Nonacus, a liquid biopsy provider collaborated with the University of Birmingham to develop a non-invasive test for bladder cancer and it is expected to be available in mid-2022. The test will be done using Nonacus’ liquid biopsy technology along with a panel of biomarkers to diagnose disease from urine samples. Yearly, more than 100,000 people are referred to hospitals in the UK to diagnose bladder cancer, mostly after they have passed blood in their urine (haematuria). Cystoscopy is the first stage of investigation which requires inserting a camera into the bladder. About 12% are subsequently diagnosed with bladder cancer, mostly after a second invasive procedure to extract biopsy.
The director of the Bladder Cancer Research Center, Dr. Bryan said: “While blood visible in the urine has to be investigated, more than 80% of people who have done a cystoscopy are diagnosed with non-malignant conditions or do not have an abnormality. Unfortunately, the other 20% need to do further invasive procedures of investigation to confirm their diagnosis. What is required to get a good diagnosis is a highly specific and sensitive, non-invasive test that can provide quick results for those who need a biopsy and those who do not, and doing a urine test is a good place to start. The liquid biopsy is attractive, however, to achieve accurate results, a highly sensitive analytical technique is required.”
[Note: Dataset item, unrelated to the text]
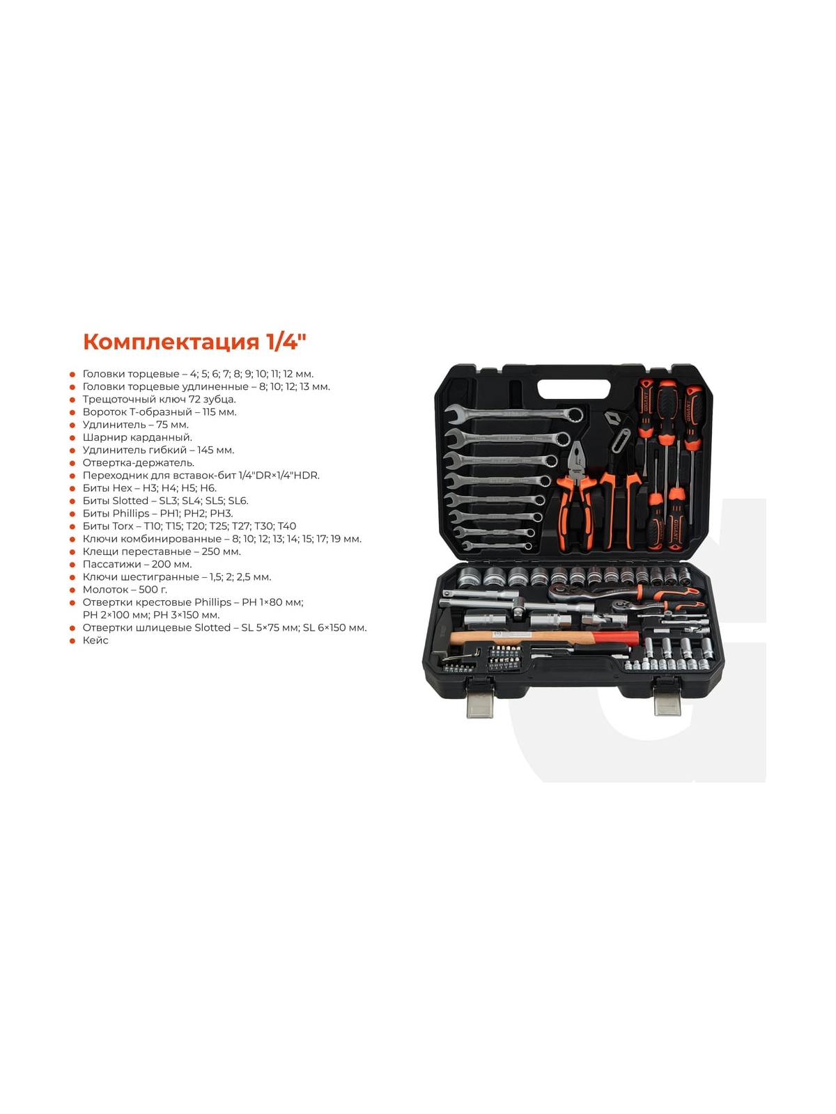 Набор инструментов Gigant 77 предметов GAS 77 представлен в расширенной комплектации и имеет широкую область применения. Комплект включает в себя биты, головки, отвертки, молоток, пассатижи, ключи и прочие универсальные инструменты. Все модели изготовлены из высококачественной стали, что придает им особую прочность и обеспечивает долгий срок службы. Рукоятки инструментов обеспечивают комфорт во время работы, не утомляют и не натирают руку. Набор поставляется в ударопрочном кейсе, который существенно упрощает транспортировку и хранение инструмента. Продукция представлена профессиональными и бытовыми инструментами, имеет доступную цену и высокое качество. При изготовлении товаров Gigant используется современное оборудование и прочные материалы. Производство осуществляется на современных предприятиях России и Азии. Тестирование товаров осуществляется в два этапа, каждая партия инструментов проходит проверку на соответствие стандартам и заявленным техническим характеристикам. Это является залогом качества и надежности готового продукта. Продукция представлена широкой линейкой инструментов. У нас можно приобрести ручной инструмент, строительный, садовый, сантехнический, климатический, крепежный, автогаражный, а также станки, расходные материалы и многое другое.

Researchers, at the University, started their work knowing that Nonacus has pioneered commercial non-invasive prenatal tests to identify low levels of fetal DNA in maternal blood samples. The researchers made use of ‘deep sequencing’ of tumor DNA to identify mutations that are present in most urothelial bladder cancers (UBCs). The research work was financed by an MRC Confidence in Concept and Cancer Research UK grant, which involved sequencing 23 genes from tumor samples that were collected from 956 newly diagnosed, treatment-naïve patients. This deep sequencing of genes identified 451 unique mutations that were present in over 96% of tumors.
The mutations were identifiable in urine samples collected at the same time as tumor sampling. Mutated DNA in a urine sample can be extracted from cancer cells shed into the urine from the lining of the urinary tract or can be found as cell-free DNA fragments. However, extracting DNA from the cancer cells provides more reliable amounts of DNA for the test, especially when only small volumes of urine may be available. Coupling the mutation panel with the molecular identifiers and the target capture technology provided by the Nonacus Cell3 Target can provide a more sensitive test than the PCR-based approach.
The main research also determined the influence mutations has on time to recurrence, Progression of cancer, and the general and disease-specific survival in patients that have non-muscle-invasive bladder cancer (NMIBC) and disease-specific survival in patients with muscle-invasive bladder cancer (MIBC) ringing about the possibility of using the test to stratify patients based on risk.